> WHAT THE EXERCISE ASKS
For this exercise, repeat the whole listing below exactly. Leave the pictures out.

> GIVEN DATA
· · · ·

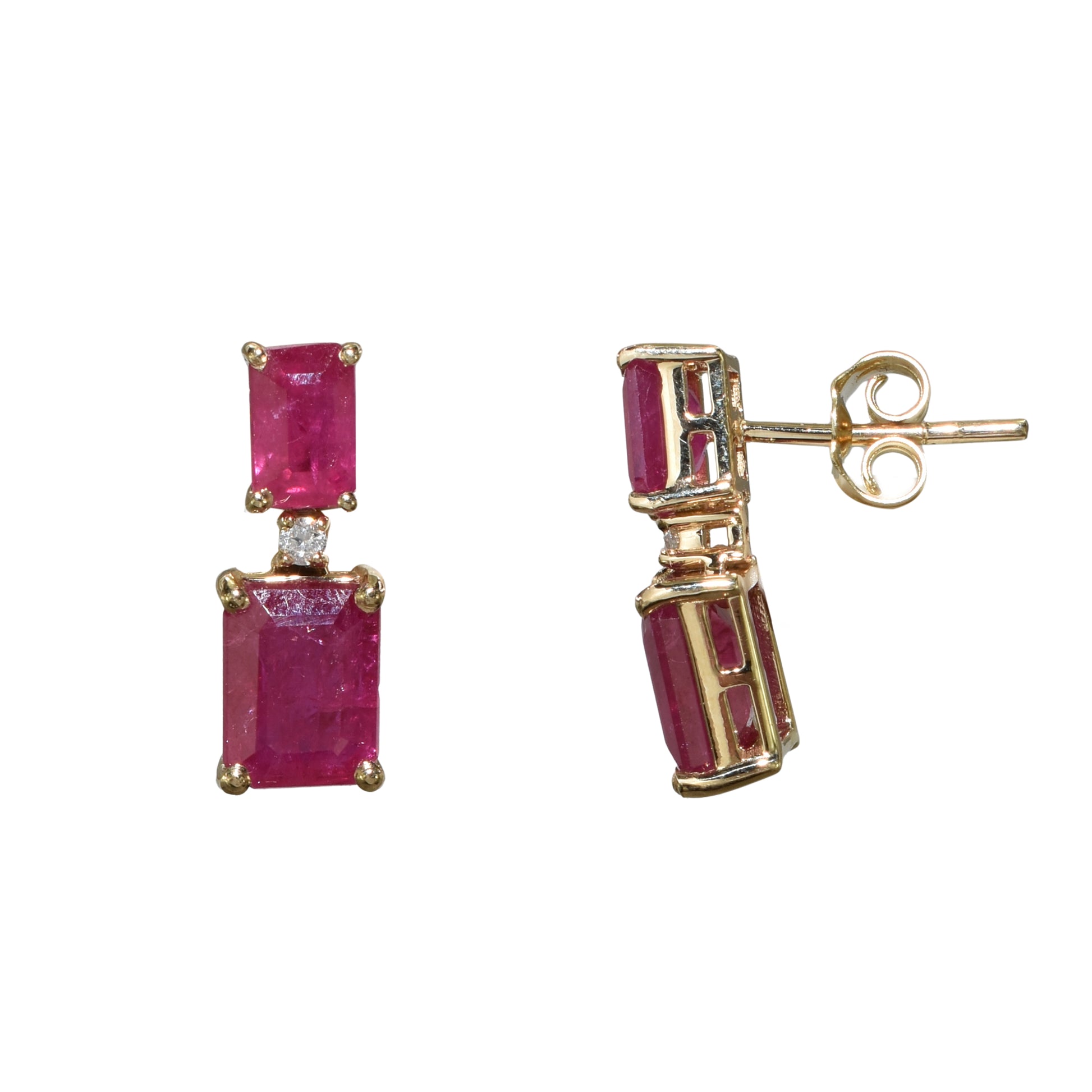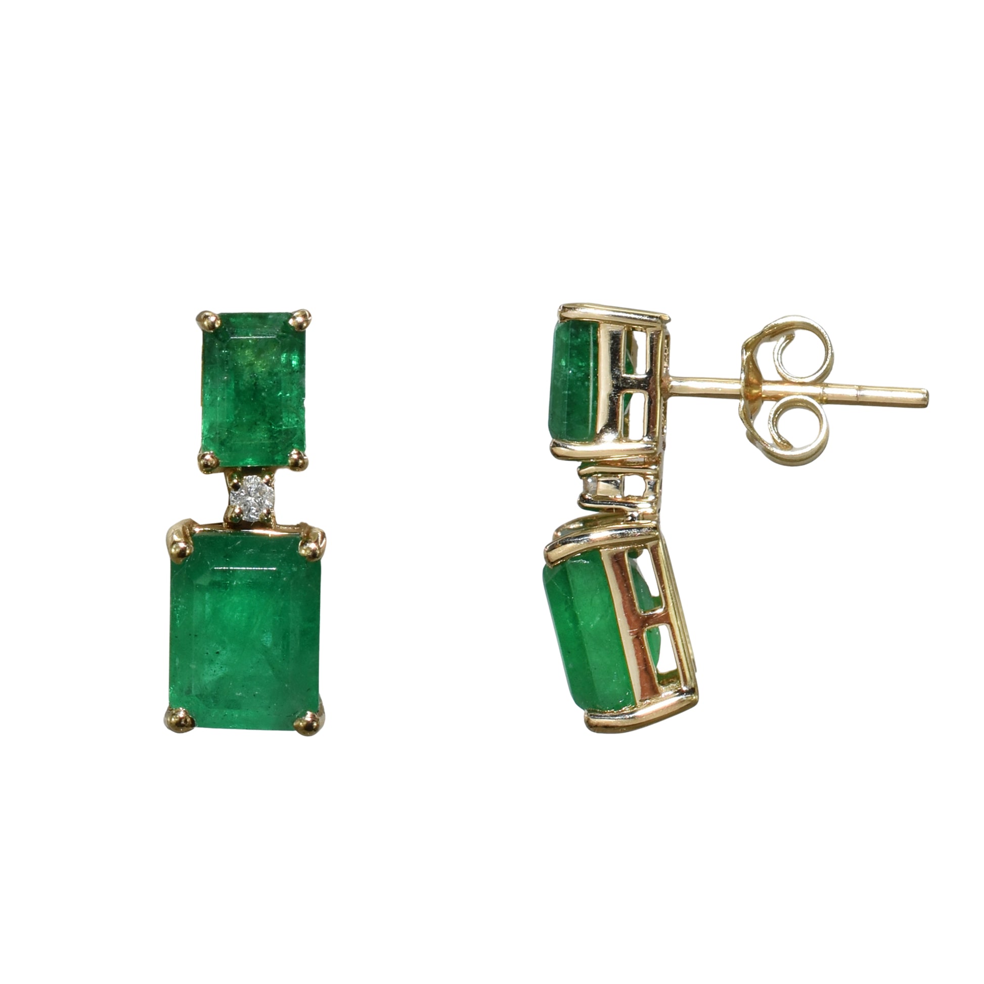 Elevate your elegance with these 14k gold earrings featuring striking rectangular diamonds paired with vibrant emeralds. Their timeless design adds a touch of sophistication to any outfit, making them perfect for both special occasions and everyday luxury. Experience the perfect blend of brilliance and color that enhances your natural beauty.
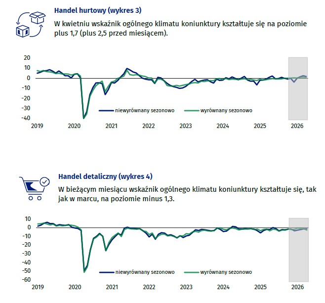 GUS opublikował informację sygnalną dot. koniunktury gospodarczej w kwietniu 2026 r. Wskaźniki w większości prezentowanych sektorów wskazują na stabilizację lub poprawę koniunktury w gospodarce. Najbardziej znaczącą poprawę obserwuje się w sekcji zakwaterowanie i gastronomia. Istotne pogorszenie koniunktury odnotowano w sekcji transport i gospodarka magazynowa.
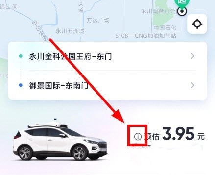 在萝卜快跑打车界面点击车辆预估价格前方的感叹号

· · · ·

> WRITTEN RESPONSE
 Elevate your elegance with these 14k gold earrings featuring striking rectangular diamonds paired with vibrant emeralds. Their timeless design adds a touch of sophistication to any outfit, making them perfect for both special occasions and everyday luxury. Experience the perfect blend of brilliance and color that enhances your natural beauty.
 GUS opublikował informację sygnalną dot. koniunktury gospodarczej w kwietniu 2026 r. Wskaźniki w większości prezentowanych sektorów wskazują na stabilizację lub poprawę koniunktury w gospodarce. Najbardziej znaczącą poprawę obserwuje się w sekcji zakwaterowanie i gastronomia. Istotne pogorszenie koniunktury odnotowano w sekcji transport i gospodarka magazynowa.
 在萝卜快跑打车界面点击车辆预估价格前方的感叹号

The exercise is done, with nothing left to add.